Me dueles hasta en sitios insospechados, te echo de menos de la manera más bestia y salvaje que se puede echar de menos a alguien.

Vivo con un pánico constante a que te olvides de mí, de mi torpeza, de mi locura. Mendigándote migajas de cariño que me hagan sobrellevar esta cuarentena.

Vivo con un temor intermitente a no verte nunca más, a no volver a sonreír nunca más simplemente recibiendo un mensaje tuyo.

Lo peor de que me duelas tanto es que ya no me quedan fuerzas para nada más. Lo peor de que duela tanto es que sería de auténtica suicida seguir adelante. Los chutes de felicidad a mí ya no me compensan si después la abstinencia y las resacas son tan sumamente jodidas.

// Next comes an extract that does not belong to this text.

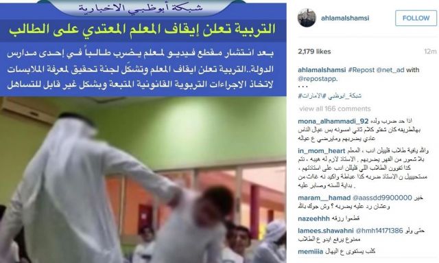 ونشرت أحلام على "انستغرام" صورة الطفل والاستاذ مع تعليق "تعلن وزارة التربية ايقاف المعلم وتشكل لجنة تحقيق لمعرفة الملابسات لاتخاذ الاجراءات التربوية القانونية المتبعى ربشكل غير قابل للتساهل".

Y así, atascada en tierra de nadie, en silencio conmigo misma, he empezado a escucharme, y me entiendo más que nunca. Mi cabeza me exige que pare de una vez, que mi corazón va a estallar. Por una vez, parece que se han puesto de acuerdo.

¿Sabéis esa sensación constante de montaña rusa emocional? De estar arriba, abajo, dando vueltas, viviendo en primera carne loopings infernales, mareándote en un viaje que en el fondo, tarde o temprano, sabes que terminará.

Así que, por mi parte, he decidido desenfundarme el cinturón que, paradójicamente, me soltaba de la vida en vez de amarrarme a ella, bajarme del tren de la bruja y emprender mi huida. ¿Cobarde? Quizás.

Y si, alejándome de ti, ni siquiera eres capaz de echarme ni un poco de menos, quizás es que estoy haciendo lo correcto.

Se me hace tan duro renunciar a ti que a veces tengo mis momentos de debilidad, pero descuida, se me suele pasar.

Y esta noche por fin he llorado. Y poco a poco, he ido despeinando los nudos que tanto me están ahogando. Quizás mañana todo vuelva a enmarañarse de nuevo, y yo no sea capaz de desenredarlo, pero te juro que lo intentaré con toda mi alma.